Don took Grier aside. At first she denied everything and suggested it might be some sort of underworld message from a business associate of Donald’s. Ellie heard that the resulting explosion of rage from her dad made Grier wet her pants; Donald didn’t hit her — he’d always skelped the children’s bums but stopped hitting the girls after they passed the age of about nine or ten — but Grier seemingly thought he was about to. She admitted it had been her.
Donald took the money for the re-laying of the lawn out of her allowance and told her she was getting away lightly.
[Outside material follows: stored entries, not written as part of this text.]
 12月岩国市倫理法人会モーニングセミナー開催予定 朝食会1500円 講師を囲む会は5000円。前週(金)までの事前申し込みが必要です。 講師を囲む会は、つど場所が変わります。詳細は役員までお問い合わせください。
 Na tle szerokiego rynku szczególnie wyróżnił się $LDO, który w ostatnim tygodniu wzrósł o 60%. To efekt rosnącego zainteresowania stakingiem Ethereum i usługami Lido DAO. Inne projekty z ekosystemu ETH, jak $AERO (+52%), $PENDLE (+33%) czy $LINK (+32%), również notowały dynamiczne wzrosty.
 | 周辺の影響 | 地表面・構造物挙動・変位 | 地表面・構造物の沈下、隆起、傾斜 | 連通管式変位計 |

If she ever did anything that upset her mother like that again, she’d find her inheritance so reduced she’d struggle to buy a rocking horse.
‘Aye, she’s some kid,’ I said when Ellie first told me all this.
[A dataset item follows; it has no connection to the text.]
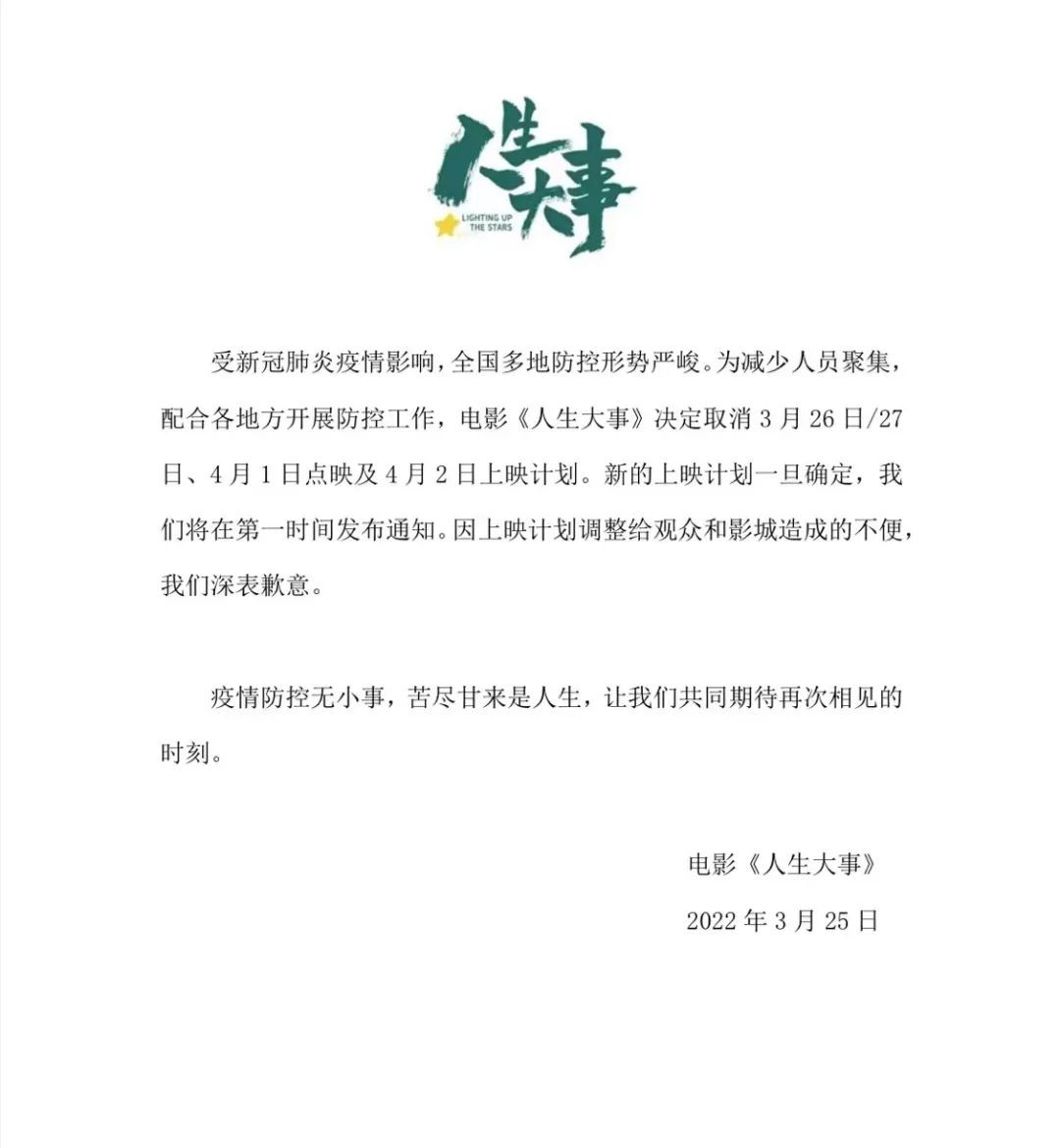 3月25日下午兩點半,@電影人生大事發布了一條微博:“疫情防控無小事,苦盡甘來是人生。”由此宣佈影片《人生大事》退出清明檔,重新上映時間未定。

‘She’s frightening,’ Ellie said. ‘Fourteen-year-olds just don’t usually think that far ahead.’
‘Or use a combination of a
‘We should be so lucky,’ Ellie told me. ‘Just pray she doesn’t go into politics.’
‘Grier said something weird the other day,’ I tell Ellie. ‘In the café, after we met on the beach?’
‘What?’
I tell her about Grier hinting Callum might have been pushed, rather than have jumped.
Ellie is silent for a disturbingly long time. I can’t read her expression at all. Eventually, in a flat voice, she says, ‘Well…there have been…Stuff’s been talked about. About Callum.’
‘Uh-huh?’
She shakes her head. ‘Let’s talk about something else.’
‘Okay.’
Only neither of us seems to be able to think of anything else to talk about, so we drive on in silence for some minutes.
Ellie turns the Mini onto a little single track road that leads up through some trees to — according to a sign — Tunleet Reservoir. I vaguely remember this, from when I was exploring on my moped. The Mini works its way up the twisting, deteriorating road, crosses a cattle grid, then crunches its way over the gravel of an otherwise deserted car park in front of a boarded-up stone waterworks building at the foot of a grassy reservoir wall, just sliding into shadow.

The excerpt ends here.